WHAT TO WORK ON = Copy the listing exactly, please, and keep every picture out of it.

DATA SHOWN =
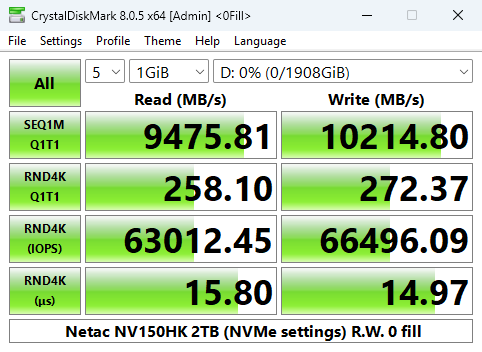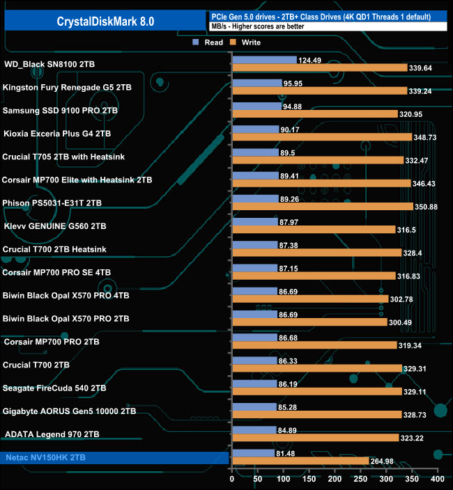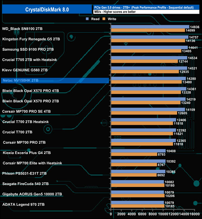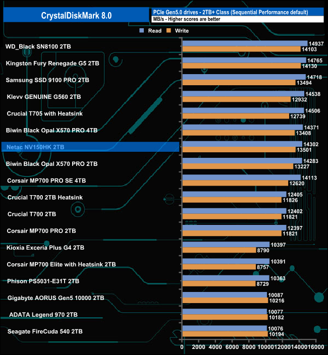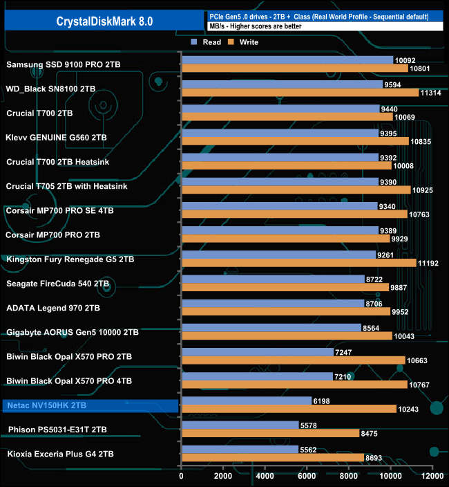 The Netac's NV150HK read score of 14,302MB/s sees the drive slip into seventh place on the results chart. Its write score of 13,501MB/s is the third fastest we've seen to date for a Gen 5 consumer drive.
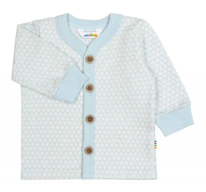 Cardigan i lyseblå økologisk bomuld med hvidt mønster er lavet af 100% Økologisk bomuld og i farven Circle B. Vi fører et kæmpe udvalg af JOHA. Følgende størrelser er på lager (). Du får FRI FRAGT allerede fra 349,- hos Ugleunger når du handler Cardigan fra Joha
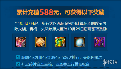 不过除了火烧连营,青梅煮酒,火凤燎原外,其他大区只能在10月29日后领取(充值的金额算在内,领取只能在更新后才可以)。
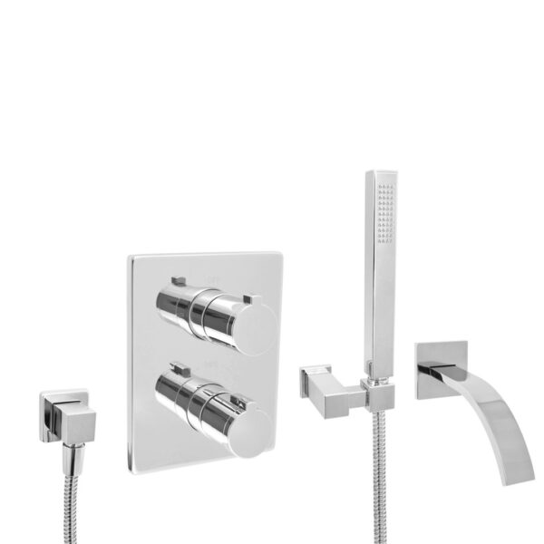 Lieferumfang: Thermostat-Unterputzarmatur, Wanneneinlauf, Stabhandbrause, Halterung für Handbrausen, Wandanschlussbogen, Brauseschlauch

OUTPUT BELOW =
 The Netac's NV150HK read score of 14,302MB/s sees the drive slip into seventh place on the results chart. Its write score of 13,501MB/s is the third fastest we've seen to date for a Gen 5 consumer drive.
 Cardigan i lyseblå økologisk bomuld med hvidt mønster er lavet af 100% Økologisk bomuld og i farven Circle B. Vi fører et kæmpe udvalg af JOHA. Følgende størrelser er på lager (). Du får FRI FRAGT allerede fra 349,- hos Ugleunger når du handler Cardigan fra Joha
 不过除了火烧连营,青梅煮酒,火凤燎原外,其他大区只能在10月29日后领取(充值的金额算在内,领取只能在更新后才可以)。
 Lieferumfang: Thermostat-Unterputzarmatur, Wanneneinlauf, Stabhandbrause, Halterung für Handbrausen, Wandanschlussbogen, Brauseschlauch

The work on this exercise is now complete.